Selected enhancers were scanned with the Deaf1, ZIPIC, Schlank, and CG12236-PB PWMs [1]. Matches with a log-likelihood ratio, calculated relative to the background nucleotide distribution, greater than 6 were considered further. For each motif’s sites, occupancy scores were calculated, with an occupancy of 1 corresponding to the optimal site. Deaf1 and CG12236-PB have compact motifs with little degeneracy, making motif matches unambiguous. Schlank sites with predicted occupancy scores less than 0.5 and ZIPIC sites with predicted occupancy scores less than 0.05 were eliminated from further consideration. Mutations to selected sites were designed manually to maximally disrupt predicted binding affinity according to PWM score while avoiding creation or disruption of overlapping sites for TFs anticipated to be relevant to mesoderm development.
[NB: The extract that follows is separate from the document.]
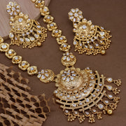 Nimrat Semi Bridal Choker Set With Jhumka + Teeka - White

In most cases (118 out of 135 motif instances), a single nucleotide change was sufficient to disrupt predicted binding, while the largest change involved mutation of just 3 nucleotide positions. Mutant enhancers differed from wildtype by a minimum of 1 nucleotide and a maximum of 19.
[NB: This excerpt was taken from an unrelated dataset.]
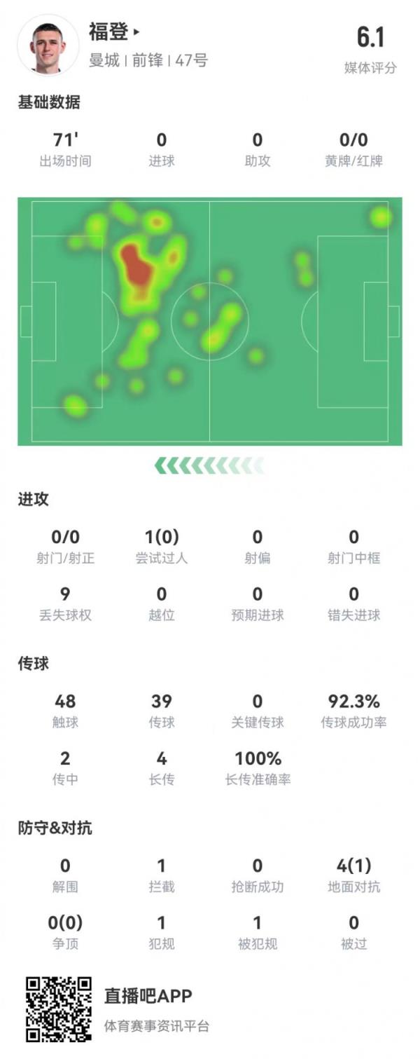 2月3日讯 阿森纳在本轮英超主场对阵曼城,福登本场数据如下:

Wildtype and mutant enhancers were synthesized with flanking barcodes and Gateway Clonase recognition sequences with the following structure for cloning into our reporter constructs: Gateway attB1 site, primer binding site (SQ3), enhancer barcode, Bmt I restriction enzyme site, enhancer element (wildtype or mutant), reverse complement of the same barcode, primer binding site (rc(SQ5)), and the reverse complement of the Gateway attB2 site. All but one (the Deaf1 and ZIPIC double mutant allele for the enhancer ChIPCRM2000) of the resulting 96 sequences were successfully synthesized and cloned into the pUC19 vector (Gen9). The Act57B and β3Tub60D control enhancers described in the text were prepared by PCR from OreR genomic DNA followed by site-directed mutagenesis, with cloning sites and barcodes added as above. Sequences of all tested constructs are provided in Additional file 3: Table S3.
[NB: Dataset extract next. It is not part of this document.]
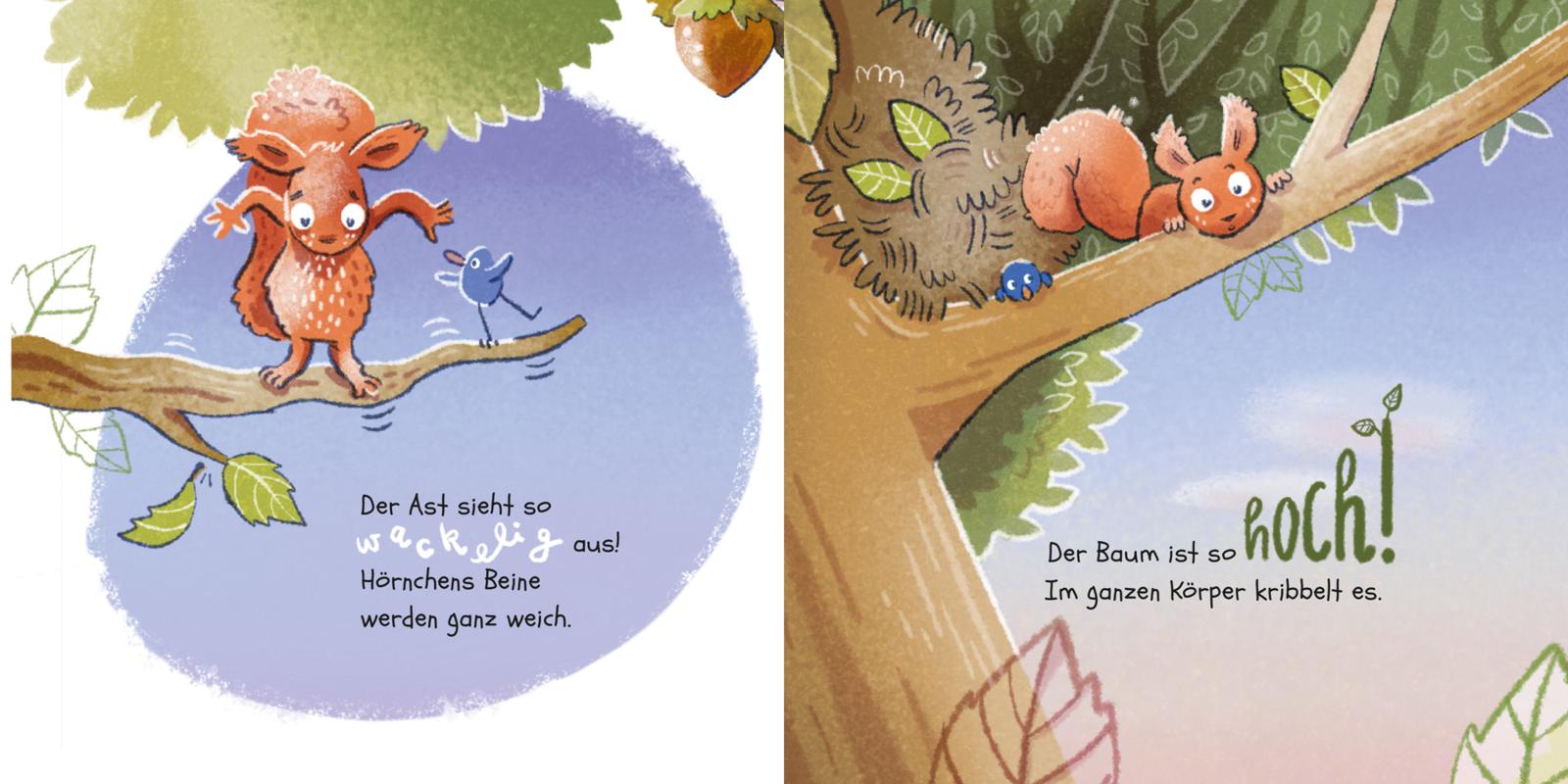 Hoch oben im Baum entdeckt das kleine Hörnchen seine Lieblingsnuss - nur einen Sprung entfernt. Doch Hörnchen traut sich nicht: Die Beine werden ganz weich, das Näschen zittert und im ganzen Körper kribbelt es. Der Ast ist so wackelig und der Baum so hoch! Doch dann... Ein Bilderbuch für Kinder ab 12 Monaten, das Mut macht und ein erstes Kennenlernen von Gefühlen liebevoll begleitet.

Construction of enhancer-reporter library

As the original enhancer-FACS-seq approach was based upon a DNA-seq readout of abundance of the enhancer element, but QeFS is based upon paired RNA- and DNA-seq readout of reporter transcripts and templates through targeted sequencing of degenerate tags in the 3′ UTR of the reporter element, the original pEFS reporter backbone [1] needed to be modified in several ways. Ligation-free mutagenesis was used to introduce two sets of primer binding sites into the 3′ UTR of the reporter gene template. These primers facilitate later construction of the lookup table sequencing library and the RNA- and DNA-seq libraries. Additionally, conventional restriction digest cloning was used to introduce a library of degenerate 20-mer sequences into the 3′ UTR of the reporter template in a parallel fashion, thus creating a library of reporter backbones, each with a unique 20-mer tag.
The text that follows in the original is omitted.